Set down all of the entries below word for word, with the pictures left out.

____

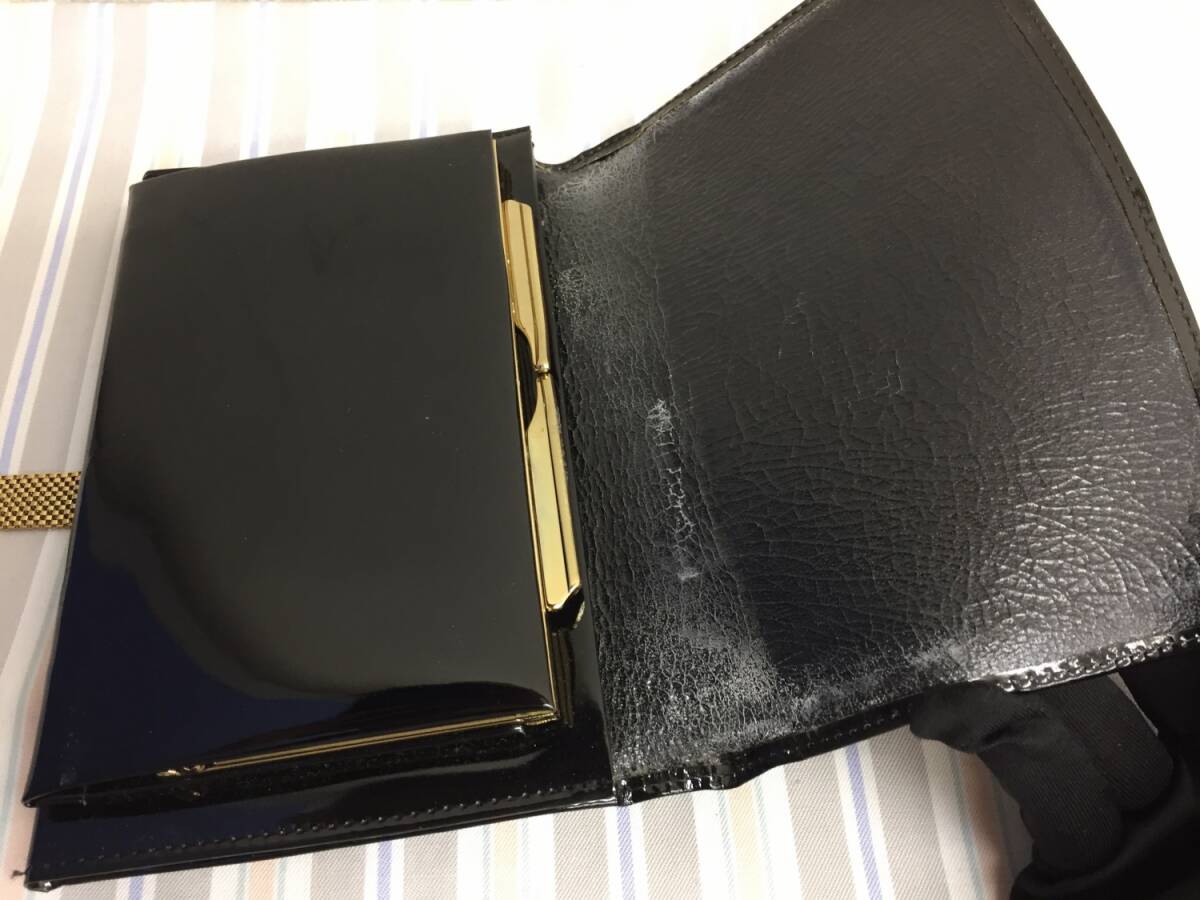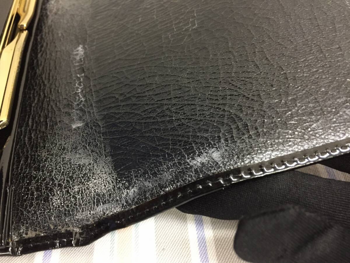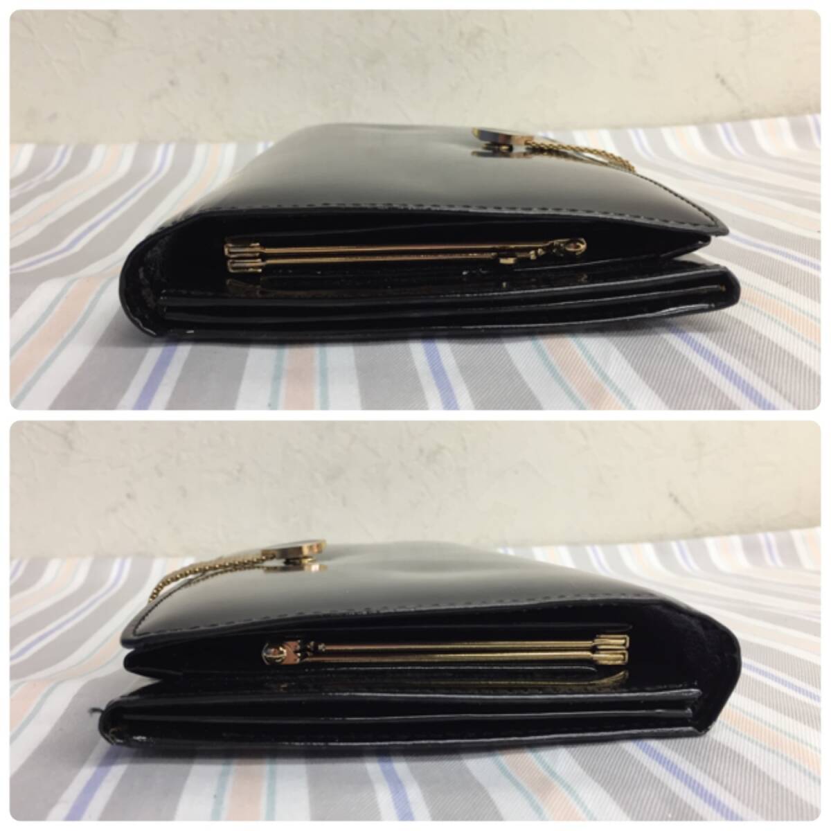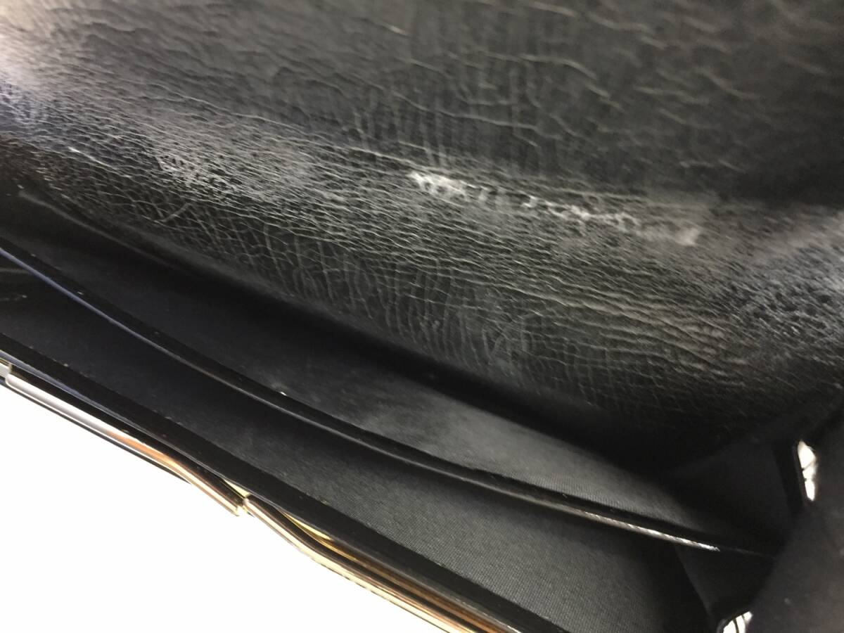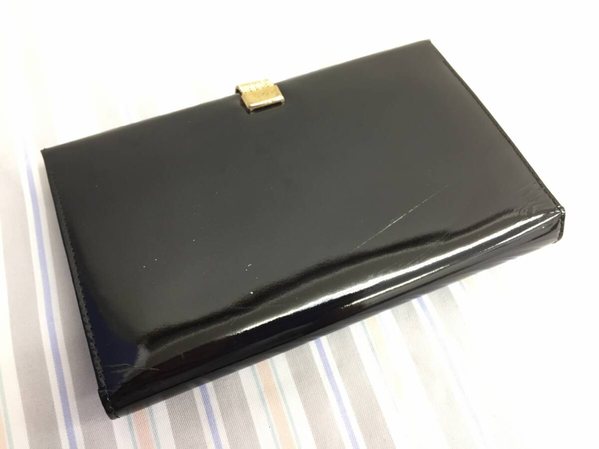 ◎サイズ 縦幅:約 11.5cm 横幅:約 19.5cm 重量:約 268g ※多少誤差は生じると思います。 -------------- ◎状態 外側 擦れ、汚れ、経年劣化:あり 内側 擦れ、汚れ、経年劣化:とてもあり 中古。状態悪い。 表面はエナメルのような光沢ある質感です。 全体的に傷があります。 中を開けると、画像5~画像8のように 白くなっている部分があります。 もしかしてカビでしょうか。白っぽく 手が少し汚れます。 その部分はひび割れのような多数の シワが付いています。 ガマぐちの中も多少汚れています。 致命的な穴や破れは特に無いと思いますが 上記の事を総評しまして 状態は悪い。とお考え下さい。 -------------- 長期保管品していたバッグの出品です。 状態など、ひと通りの確認はしております が、素人によるチェックの為、見落とし などあるかもしれません。気になった 点や特筆すべき点などある場合は、 上記に状態欄に記載しておりますので、 ご確認ください。 ボロボロというわけではなく、使用には 問題ないであろうという物を出品して おりますが、あくまでも中古品であると いうことをご了承ください。
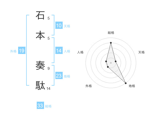 石本 奏駄さんの総格は33画の4点!
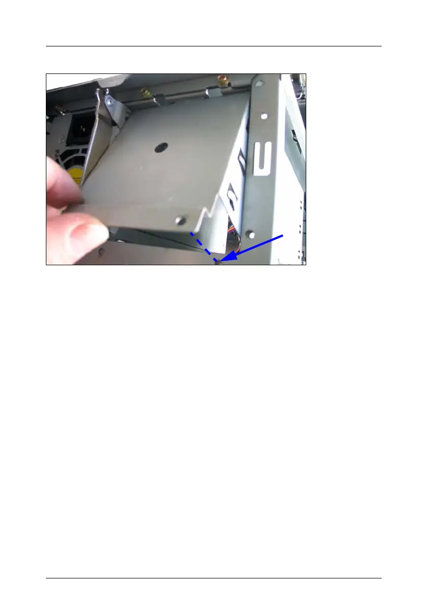 Hook the top side of the dummy cover into the chassis, after this swivel the
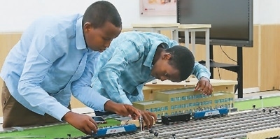 在位于吉布提首都吉布提市的吉布提工商學校,學生在魯班工坊鐵道運營沙盤教學區(qū)學習。 新華社發(fā)
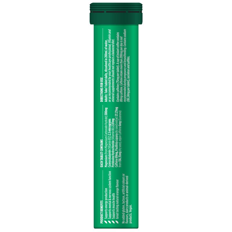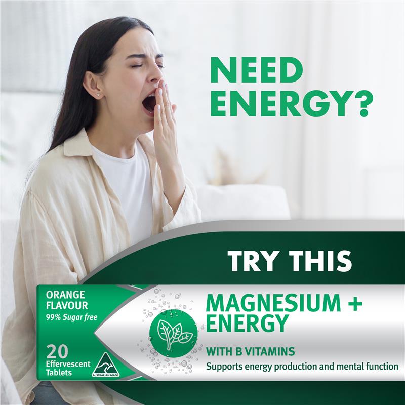 Support your body's energy production and mental function with Nature's Own Magnesium + Energy Tablets 20. Each tablet contains a blend of Magnesium, Vitamin B6, Vitamin B12, Caffeine *, and Paullinia cupana dry seed extract, which supports energy production in the body, as well supports healthy mental and nervous system function. This 1-a-day Magnesium and B Vitamin supplement also supports healthy immune system function, and maintains muscle health. Australian Made® and rigorously tested to ensure quality, potency, and purity, Nature's Own High Strength Magnesium tablets contain no added gluten, lactose, artificial colours or flavours, dairy products or animal derived products **. Adults dissolve one tablet once daily in 200ml of water, or as directed by your healthcare professional, for an effervescent, natural orange-flavoured drink that tastes great. Always read the label and follow the directions for use.* Contains caffeine (75mg per tablet). A cup of instant coffee contains 80mg caffeine. Caffeine intake more than 200mg per day is not recommended during pregnancy and breastfeeding. Contains sodium (161.24mg per tablet), sucralose and sulfites.
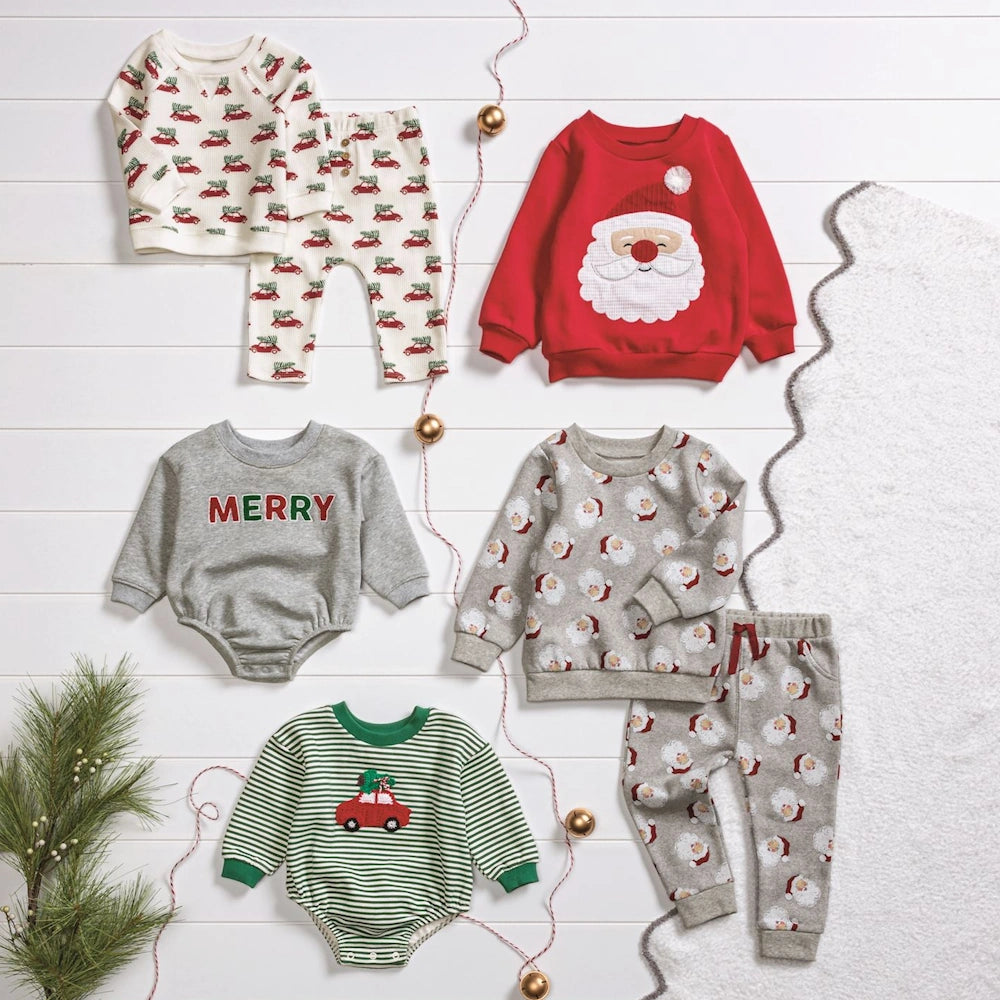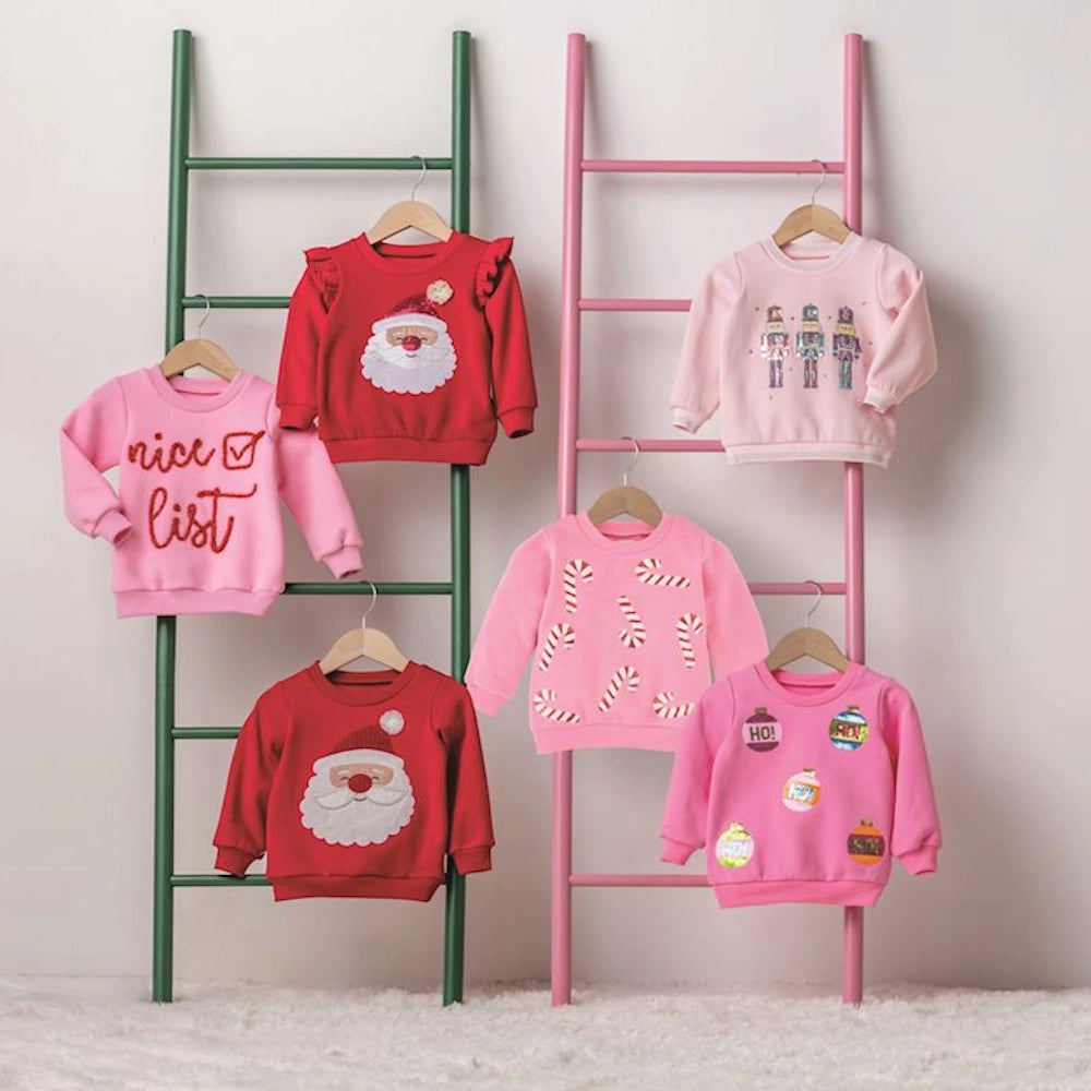 Featuring a playful Santa applique on soft sweatshirt fabric, this festive piece is perfect for Christmas celebrations, family photos, or everyday holiday fun. Comfortable and easy to wear, it’s a holiday essential for little ones.

____

» **The completed task**
 ◎サイズ 縦幅:約 11.5cm 横幅:約 19.5cm 重量:約 268g ※多少誤差は生じると思います。 -------------- ◎状態 外側 擦れ、汚れ、経年劣化:あり 内側 擦れ、汚れ、経年劣化:とてもあり 中古。状態悪い。 表面はエナメルのような光沢ある質感です。 全体的に傷があります。 中を開けると、画像5~画像8のように 白くなっている部分があります。 もしかしてカビでしょうか。白っぽく 手が少し汚れます。 その部分はひび割れのような多数の シワが付いています。 ガマぐちの中も多少汚れています。 致命的な穴や破れは特に無いと思いますが 上記の事を総評しまして 状態は悪い。とお考え下さい。 -------------- 長期保管品していたバッグの出品です。 状態など、ひと通りの確認はしております が、素人によるチェックの為、見落とし などあるかもしれません。気になった 点や特筆すべき点などある場合は、 上記に状態欄に記載しておりますので、 ご確認ください。 ボロボロというわけではなく、使用には 問題ないであろうという物を出品して おりますが、あくまでも中古品であると いうことをご了承ください。
 石本 奏駄さんの総格は33画の4点!
 Hook the top side of the dummy cover into the chassis, after this swivel the
 在位于吉布提首都吉布提市的吉布提工商學校,學生在魯班工坊鐵道運營沙盤教學區(qū)學習。 新華社發(fā)
 Support your body's energy production and mental function with Nature's Own Magnesium + Energy Tablets 20. Each tablet contains a blend of Magnesium, Vitamin B6, Vitamin B12, Caffeine *, and Paullinia cupana dry seed extract, which supports energy production in the body, as well supports healthy mental and nervous system function. This 1-a-day Magnesium and B Vitamin supplement also supports healthy immune system function, and maintains muscle health. Australian Made® and rigorously tested to ensure quality, potency, and purity, Nature's Own High Strength Magnesium tablets contain no added gluten, lactose, artificial colours or flavours, dairy products or animal derived products **. Adults dissolve one tablet once daily in 200ml of water, or as directed by your healthcare professional, for an effervescent, natural orange-flavoured drink that tastes great. Always read the label and follow the directions for use.* Contains caffeine (75mg per tablet). A cup of instant coffee contains 80mg caffeine. Caffeine intake more than 200mg per day is not recommended during pregnancy and breastfeeding. Contains sodium (161.24mg per tablet), sucralose and sulfites.
 Featuring a playful Santa applique on soft sweatshirt fabric, this festive piece is perfect for Christmas celebrations, family photos, or everyday holiday fun. Comfortable and easy to wear, it’s a holiday essential for little ones.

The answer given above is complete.